W2K Time Synchronization Service

by Wayne Maples [Published on 20 April 2004 / Last Updated on 20 April 2004]

If your background is Windows NT administration, you are familiar with Windows NT Date and Time Synchronization. It is a fairly manual process. You designate a time server for the NT domain, see Setup Domain Time Source Server . Then you embed the


command in user's login scripts to sychronize workstation date and time with the NT server designated as a time source.

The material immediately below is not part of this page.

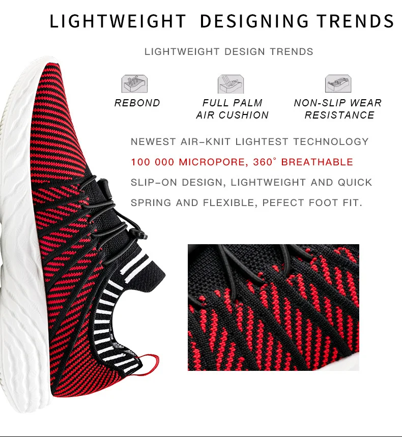 Легкие тенденции дизайна, новейшая воздухопроницаемая легкая технология 100 000 микропор, воздухопроницаемая конструкция без шнуровки на 360 °, легкая и быстрая пружина и гибкость, идеальное облегание стопы

Windows 2000 automates the process. It is no longer manual. This is one of many issues where Windows 2000 has improved over Windows NT. Because of Kerberos, all W2K workstations and services must have synchronized times. The synchronization is built into the authenication process. See Basic Operation of the Windows Time Service. The Windows Time Synchronization service, W32Time, is a fully compliant implementation of the Simple Network Time Protocol (SNTP) as detailed in IETF RFC1769. In general, the PDC emulator for the W2K domain is the authoritative time source. Workstations and servers will date and time synch to it. You can check it periodically and adjust, but most PCs have clocks that lose time. If you can, you need to use the sntp functionality of W2K. On the PDC, run the following command:

net time /setsntp: ntp2.usno.navy.mil


net time /setsntp:

This will synchronize the PDC's date and time with the US Navy's internet-available sntp time source. And no, the /setsntp parm is not available to Windows NT since its date and time service is not sntp compliant.